[What needs to be done] With the pictures left out, please return exactly the line holding "الواء طلاس يبرد الختية لستقبله." and each following line until the entries end.

[Data excerpts]
=== Begin Enclosure ===

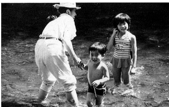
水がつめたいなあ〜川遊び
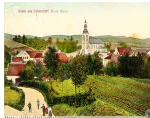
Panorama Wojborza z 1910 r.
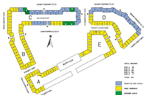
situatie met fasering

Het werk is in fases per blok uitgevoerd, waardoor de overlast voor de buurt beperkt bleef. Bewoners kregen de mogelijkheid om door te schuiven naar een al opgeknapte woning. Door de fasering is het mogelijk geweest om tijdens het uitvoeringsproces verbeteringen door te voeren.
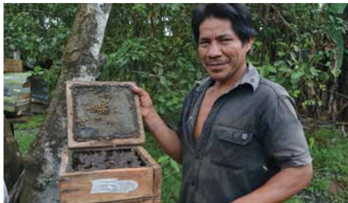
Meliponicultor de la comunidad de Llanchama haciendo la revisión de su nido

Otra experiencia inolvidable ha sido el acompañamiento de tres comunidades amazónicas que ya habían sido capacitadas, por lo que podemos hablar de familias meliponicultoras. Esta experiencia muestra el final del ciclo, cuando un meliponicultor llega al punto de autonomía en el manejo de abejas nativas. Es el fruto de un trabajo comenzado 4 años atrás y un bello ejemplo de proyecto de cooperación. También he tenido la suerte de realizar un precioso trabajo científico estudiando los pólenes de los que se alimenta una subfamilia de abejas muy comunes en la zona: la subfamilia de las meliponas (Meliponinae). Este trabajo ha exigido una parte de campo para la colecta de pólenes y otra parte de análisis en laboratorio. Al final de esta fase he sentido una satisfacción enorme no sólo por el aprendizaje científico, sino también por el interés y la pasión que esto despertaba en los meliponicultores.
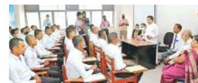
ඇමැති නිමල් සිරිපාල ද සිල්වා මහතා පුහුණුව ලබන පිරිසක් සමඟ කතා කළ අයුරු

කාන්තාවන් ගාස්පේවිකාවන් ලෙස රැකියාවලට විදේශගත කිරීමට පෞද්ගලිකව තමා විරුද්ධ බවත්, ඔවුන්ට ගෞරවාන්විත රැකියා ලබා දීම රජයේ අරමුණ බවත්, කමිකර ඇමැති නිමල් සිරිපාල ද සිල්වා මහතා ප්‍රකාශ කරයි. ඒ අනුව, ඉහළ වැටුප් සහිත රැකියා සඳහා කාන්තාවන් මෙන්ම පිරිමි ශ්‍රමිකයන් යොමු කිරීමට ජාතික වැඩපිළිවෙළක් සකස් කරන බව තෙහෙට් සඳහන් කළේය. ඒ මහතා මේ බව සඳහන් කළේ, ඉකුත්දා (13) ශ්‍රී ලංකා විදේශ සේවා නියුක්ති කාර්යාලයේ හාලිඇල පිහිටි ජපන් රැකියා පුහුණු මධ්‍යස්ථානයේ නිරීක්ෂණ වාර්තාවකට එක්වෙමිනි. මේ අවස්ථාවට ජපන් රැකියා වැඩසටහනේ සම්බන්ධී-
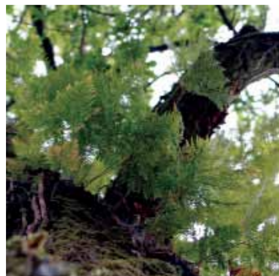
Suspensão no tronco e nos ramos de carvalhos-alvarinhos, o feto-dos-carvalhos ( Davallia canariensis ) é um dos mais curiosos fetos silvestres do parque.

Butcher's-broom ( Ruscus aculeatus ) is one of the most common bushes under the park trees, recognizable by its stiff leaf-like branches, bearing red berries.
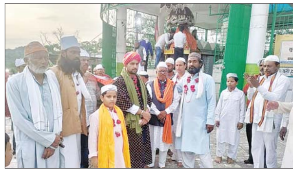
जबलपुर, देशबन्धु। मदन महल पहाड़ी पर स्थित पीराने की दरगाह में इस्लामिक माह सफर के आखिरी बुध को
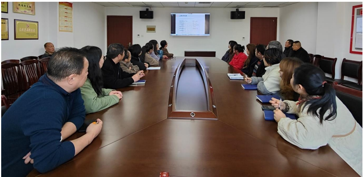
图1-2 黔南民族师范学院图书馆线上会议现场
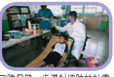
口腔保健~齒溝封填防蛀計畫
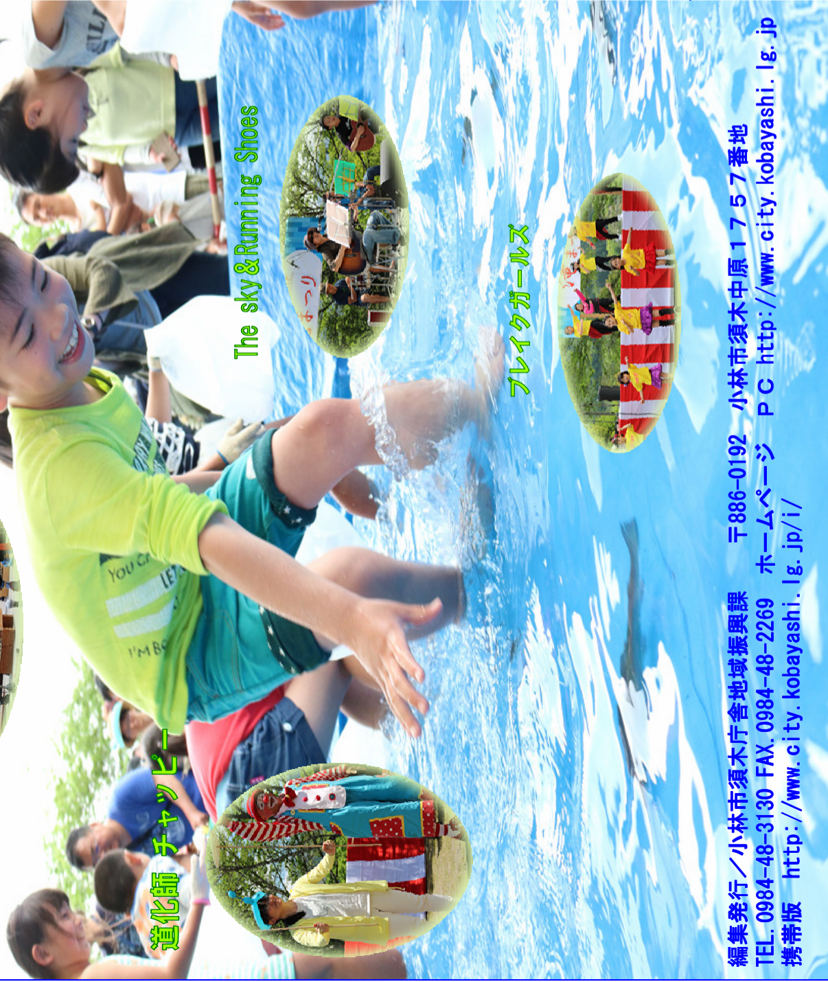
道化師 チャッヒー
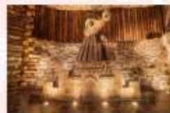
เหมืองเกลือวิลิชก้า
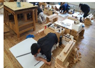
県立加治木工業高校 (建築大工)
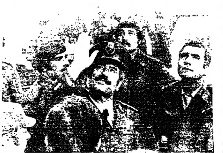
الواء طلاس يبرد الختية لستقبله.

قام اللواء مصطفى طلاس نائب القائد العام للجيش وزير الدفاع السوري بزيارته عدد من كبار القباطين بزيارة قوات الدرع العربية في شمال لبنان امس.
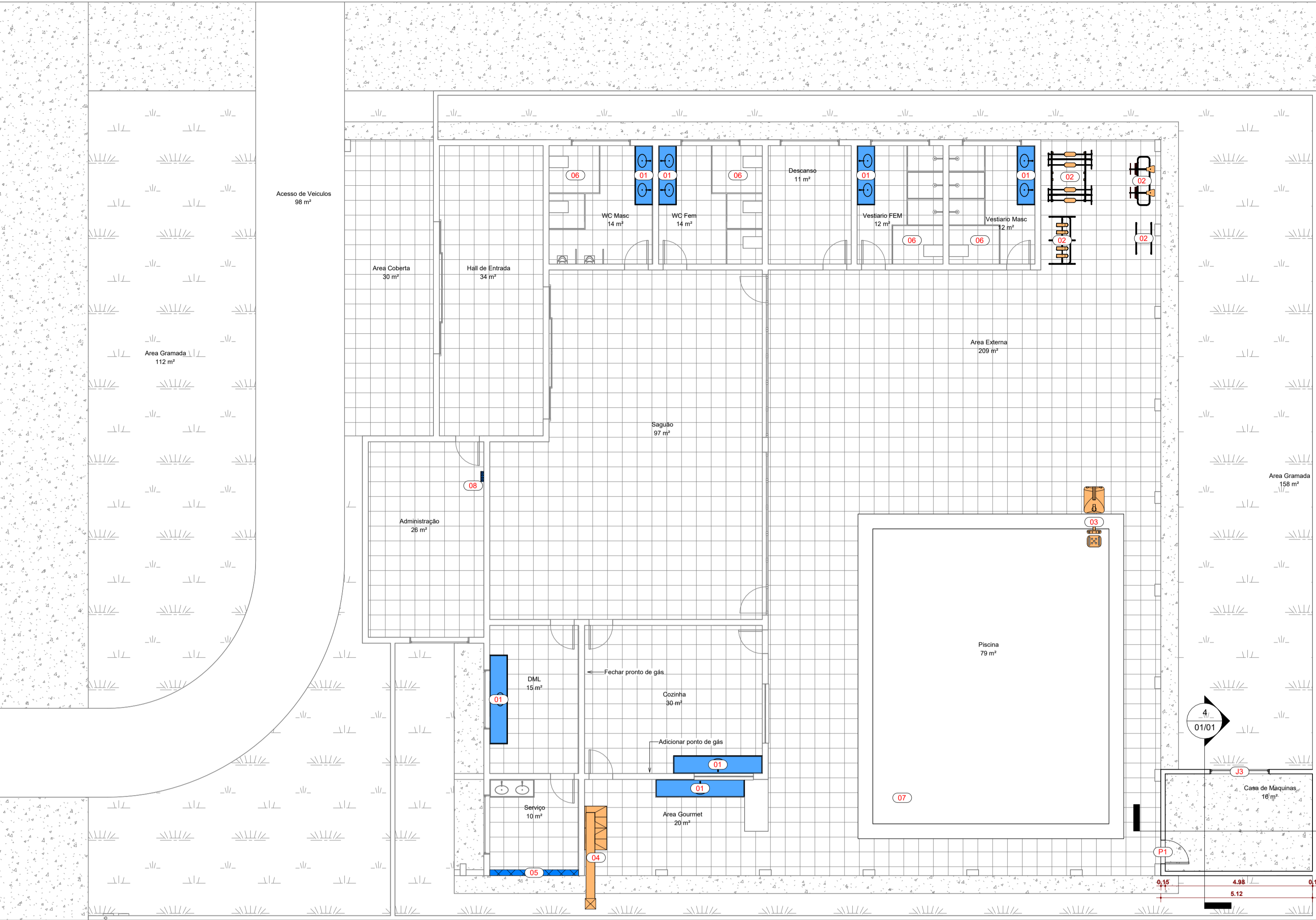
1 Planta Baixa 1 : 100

=== End Enclosure ===

[Answer section]
الواء طلاس يبرد الختية لستقبله.

قام اللواء مصطفى طلاس نائب القائد العام للجيش وزير الدفاع السوري بزيارته عدد من كبار القباطين بزيارة قوات الدرع العربية في شمال لبنان امس.
1 Planta Baixa 1 : 100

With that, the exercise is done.